# rice cooker without teflon or aluminium?



## huggerwocky (Jun 21, 2004)

We need a new rice cooker since our old one is losing its teflon coating







: But because I am wiser and more educated now, I want one without teflon coating. That leaves aluminium ones, which is not supposed to be healthy either.

Is that it? Do I have to choose between teflon or aluminium? I have not found anything else so far, do you know of any?


----------



## summerlilies (Feb 6, 2006)

I was just wondering the same thing! My dh bought me a fuzzy logic rice cooker for mother's day -- I think I want to keep it, yet it has teflon in it.







. I want to know if there is one out there I should exchange this one for. Thanks for starting this thread. I hope someone can help us!


----------



## aranya (Apr 18, 2006)

DH and I are looking for precisely the same thing. Out rice cooker is the only teflon coated thing we have in the kitchen, and we want to get rid of it. I found one rice cooker with a stainless steel inner bowl after an internet search:

http://www.ultimate-weight-products....TK=rice_cooker

However, I read on another internet site that stainless steel rice cookers are not good to use because rice sticks to the bottom. This company sells the Kuhn Rikon pressure cookers instead.
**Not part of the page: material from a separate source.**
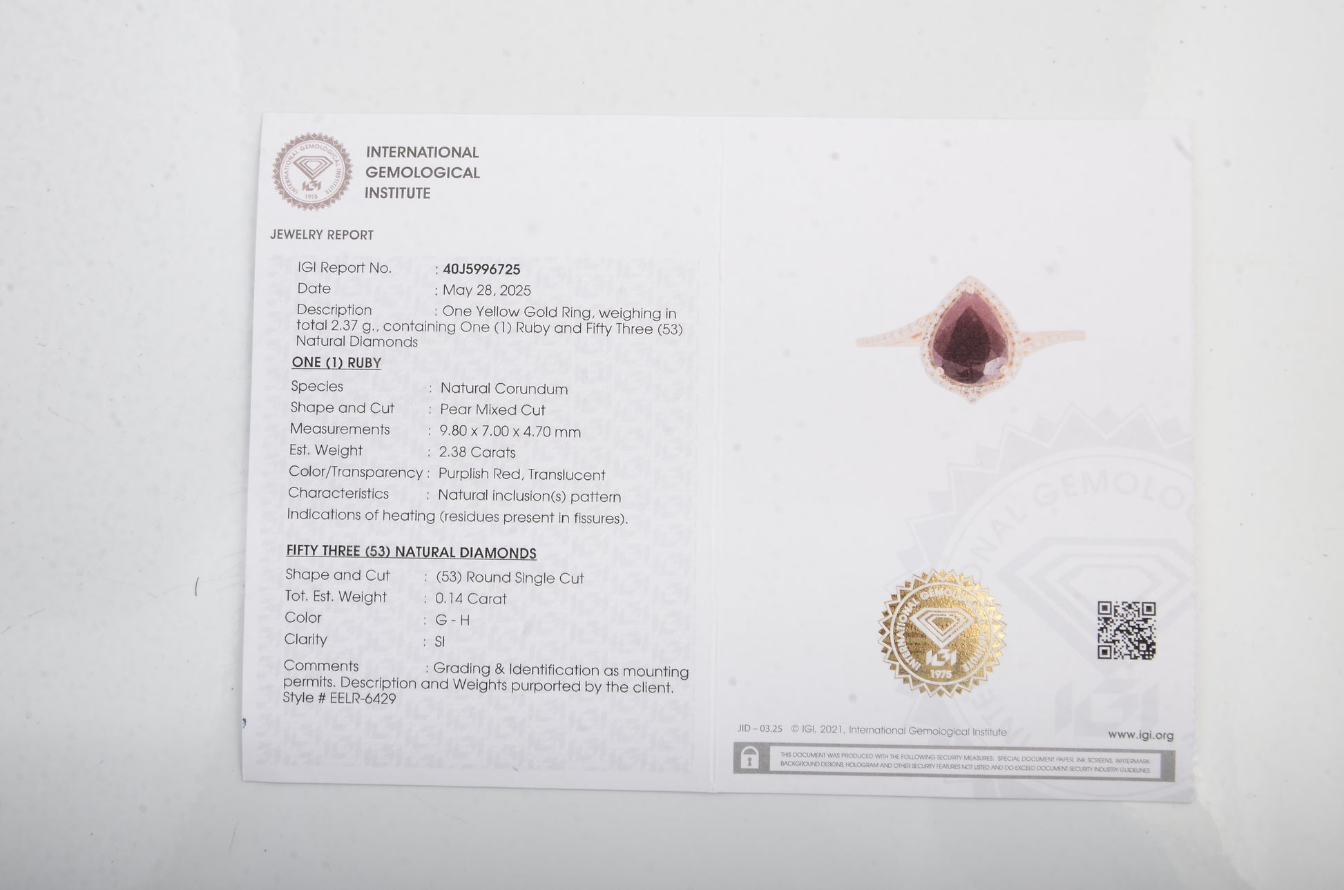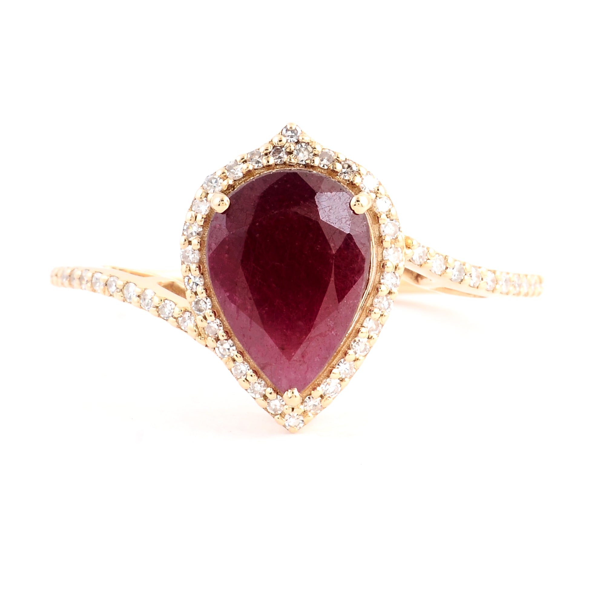 2.52 Ct Pear Mixed Cut Natural Corundum Ruby 14K Gold Ring

http://www.pleasanthillgrain.com/sta...er_cookers.asp

We have one that we got on sale and absolutely love it. I would recommend them as a good alternative to a rice cooker and one that can be used to cook other things as well. But the problem is that we will be moving to a place that will not have a proper kitchen with a stove, so a rice cooker that can be plugged into an electrical outlet would be a great help. I'd love to hear from people who've had experience with rice cookers with stainless steel interiors.


----------



## Poddi (Feb 18, 2003)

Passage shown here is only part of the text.